Malattia renale cronica associata a Diabete Mellito
Definizione
La nefropatia diabetica è il termine usato per esprimere il danno renale determinato dal diabete mellito. La definizione di nefropatia diabetica non può prescindere da una valutazione istologica che ne documenti le alterazioni renali. Di conseguenza, si può parlare di nefropatia diabetica solo dopo aver eseguito una biopsia renale. Nella pratica clinica, in assenza di un referto bioptico, si usa parlare di “malattia renale cronica associata a diabete mellito”, quando, in presenza di una lunga storia di diabete mellito, sia presente albuminuria persistente e/o riduzione del Glomerular Filtration Rate (GFR).
Patogenesi
Un ruolo importante nella patogenesi della nefropatia diabetica è svolto dall’alterazione del feedback tubuloglomerulare: l’iperglicemia conduce a glicosuria, il glucosio filtrato viene maggiormente riassorbito, attraverso i cotrasportatori SGLT2, insieme al sodio, che arriverà, quindi, in minor quantità a livello distale, con mancata attivazione della macula densa, vasodilatazione dell’arteriola afferente e iperfiltrazione glomerulare. Seguono lo stress capillare, il danno ossidativo, comparsa di albuminuria ed evoluzione fibrotica cronica, amplificati anche dalla formazione dei prodotti di glicosilazione avanzata (AGEs).
Clinica
La malattia renale cronica associata a diabete è tipicamente asintomatica. Pertanto, la valutazione clinica si basa prevalentemente sul dosaggio periodico di creatininemia (con stima del GFR) e albuminuria, utili nel follow up, ma anche nello screening in soggetti diabetici, come suggerito dalle linee guida ADA (American Diabetes Association) e KDIGO 2024.1,2
La storia naturale della patologia è caratterizzata da una prima fase di iperfiltrazione glomerulare (quindi GFR normale o aumentato) e una seconda fase di danno renale con riduzione del GFR e comparsa di albuminuria. Per questo, l’albuminuria A2 resta il più precoce biomarcatore clinico-prognostico che sottende le modificazioni microvascolari renali ed è associata a progressione verso un’albuminuria A3 e riduzione del GFR3,4mentre un’albuminuria A3 è indicatore prognostico di maggior rischio di ESKD ed eventi cardiovascolari.5-7 L’entità dell’albuminuria è estremamente variabile: in casi severi può superare la soglia di 3,5 g/24h configurando il quadro di sindrome nefrosica8,9, ma è anche possibile una regressione dell’albuminuria, soprattutto in presenza di un ottimale controllo glicemico, pressorio e lipidico, con conseguente riduzione del rischio di End-Stage Kidney Disease (ESKD).10
Il naturale declino del GFR determinato dalla senescenza renale, in soggetti sani, è di circa 1 mL/min/anno (11), mentre è più rapido nei soggetti con nefropatia diabetica (>3 mL/min/anno), soprattutto con storia di diabete da oltre 10 anni e/o retinopatia, albuminuria A3 e GFR basale <60 mL/min/1,73 m2.12-16 Il rapido declino del GFR si registra indipendentemente dalla regressione o meno dell’albuminuria17,18, tuttavia, sembra essere di minor entità in soggetti normoalbuminurici.19-23
Pertanto, l’albuminuria e il declino del GFR sono fattori indipendenti e addizionali che condizionano il rischio di eventi cardiovascolari e maggior mortalità.5,24-27
Diagnosi
La diagnosi di nefropatia diabetica si basa su reperti istologici valutati con biopsia renale.
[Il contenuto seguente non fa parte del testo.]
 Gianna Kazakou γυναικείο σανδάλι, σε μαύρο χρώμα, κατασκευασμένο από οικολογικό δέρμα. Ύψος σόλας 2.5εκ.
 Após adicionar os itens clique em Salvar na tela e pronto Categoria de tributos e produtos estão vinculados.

Secondo la classificazione di Renal Pathology Society28 la nefropatia diabetica è definita come:
- Classe I: assottigliamento isolato della membrana basale glomerulare (<430 nm nei maschi e <395 nm nelle femmine);
- Classe II: espansione mesangiale lieve (IIa) se l’area di espansione è <25% del totale del mesangio o severa (IIb) se >25%;
- Classe III: almeno un nodulo di Kimmelstiel-Wilson (glomerulosclerosi nodulare intercapillare) o glomerulosclerosi <50%;
- Classe IV: glomerulosclerosi >50%.
Sono comuni anche la ialinosi arteriolare, l’arteriosclerosi29 e la fibrosi tubulointerstiziale che compare dopo le alterazioni glomerulari ed è indice di patologia avanzata associata a maggior rischio di ESKD.29-31 Nonostante la diagnosi di nefropatia diabetica sia istologica, nella pratica clinica è più comune effettuare una diagnosi clinica presunta (senza praticare biopsia), che si basa sulla presenza di:
- lunga durata del diabete e/o retinopatia diabetica;
- albuminuria persistente e/o riduzione del GFR persistente;
- esclusione di altre cause di nefropatia.
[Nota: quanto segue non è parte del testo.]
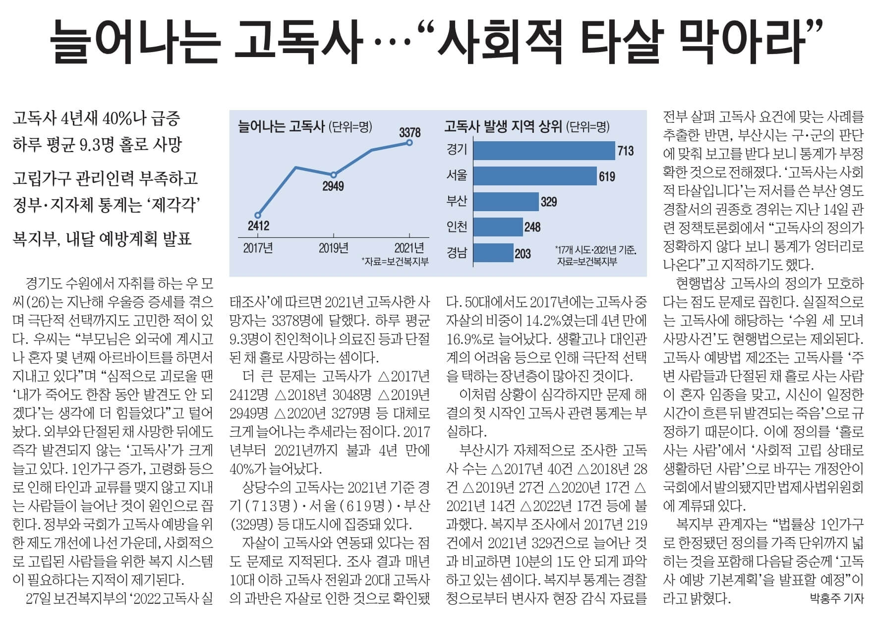 ☞늘어나는 고독사 …"사회적 타살 막아라”…고독사 4년새 40%나 급증 하루 평균 9.3명 홀로 사망…고립가구 관리인력 부족하고 정부·지자체 통계는 '제각각' 복지부, 내달 예방계획 발표

La durata del diabete (almeno 5 anni) è un criterio necessario affinché si possano rendere manifesti i danni renali dopo la prima fase di iperfiltrazione glomerulare, per esposizione al prediabete e all’iperglicemia.32 Inoltre, in presenza di retinopatia diabetica proliferativa si presume la concomitanza di altre complicanze microvascolari diabetiche, come quelle glomerulari.33
Per quanto riguarda l’albuminuria, a causa della grande variabilità intraindividuale dell’escrezione di albumina, dovuta a vari fattori (controllo glicemico, esercizio fisico, infezioni delle vie urinarie (IVU), elevato intake proteico)34, la diagnosi clinica si basa sulla valutazione dell’albuminuria presente in almeno due su tre campioni ottenuti nell’arco di almeno tre mesi.35 Un’albuminuria di grado A3 si presenta solitamente con una storia di diabete di almeno 10 anni o in presenza di scarso controllo glicemico (Hb glicata >9%).8 È possibile riscontrare proteinuria nel range nefrosico quando la storia di diabete supera 10-15 anni.8 Il GFR è convenzionalmente definito ridotto quando è inferiore a 60 mL/min/1,73 m2.
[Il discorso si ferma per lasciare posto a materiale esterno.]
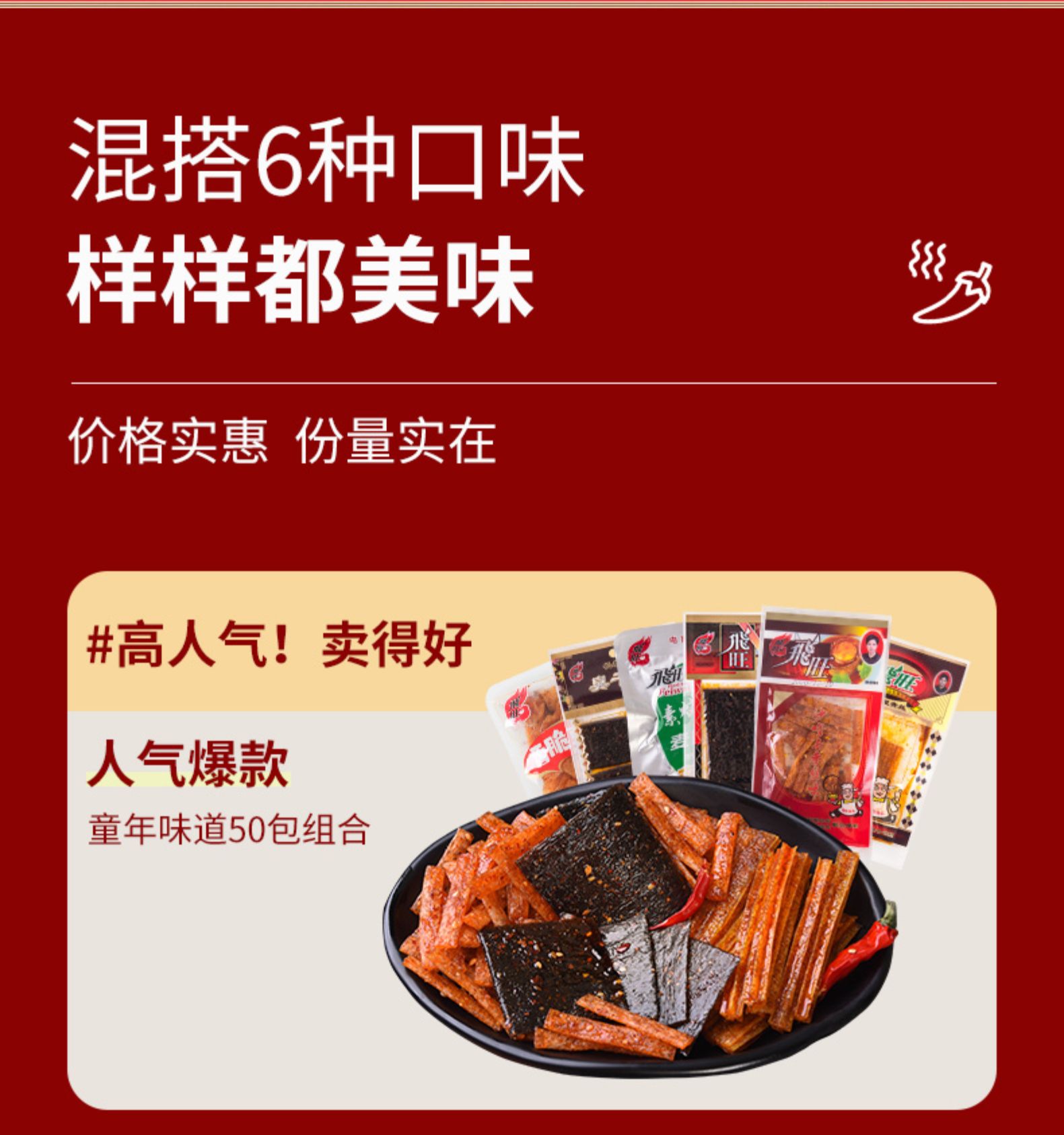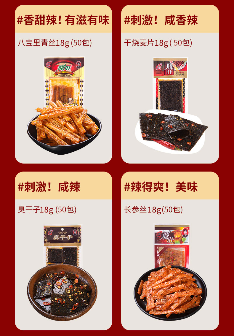 飞旺辣条大礼包麻辣零食儿时臭干子童年怀旧辣片8090后香辣小零食 ¥29.90 热销0件

Per escludere altre cause di nefropatia, risulta rilevante la valutazione del sedimento urinario. In soggetti con nefropatia diabetica, in presenza di albuminuria severa, si può riscontrare anche microematuria al sedimento36,37, mentre la presenza di globuli rossi dismorfici o cilindri di emazie è reperto non comune nella nefropatia diabetica e che dovrebbe porre il sospetto di altre ipotesi diagnostiche.38 Inoltre, un’albuminuria A3 insorta nei primi 5 anni dall’insorgenza di diabete o un GFR decline > 5 mL/min/anno suggeriscono di valutare eziologie alternative.
Trattamento
Le linee guida più recenti per la gestione della nefropatia diabetica sono le linee guida KDIGO 2024, che condividono alcuni principi generali del trattamento della malattia renale cronica, tra cui:
- modifiche dello stile di vita (perseguendo un controllo ottimale del peso corporeo, una dieta salutare, la pratica di attività fisica regolare ed eliminando l’eventuale abitudine tabagica);
- controllo della pressione arteriosa, della glicemia e della dislipidemia;
- eventuale gestione di anemia, acidosi ed anomalie elettrolitiche.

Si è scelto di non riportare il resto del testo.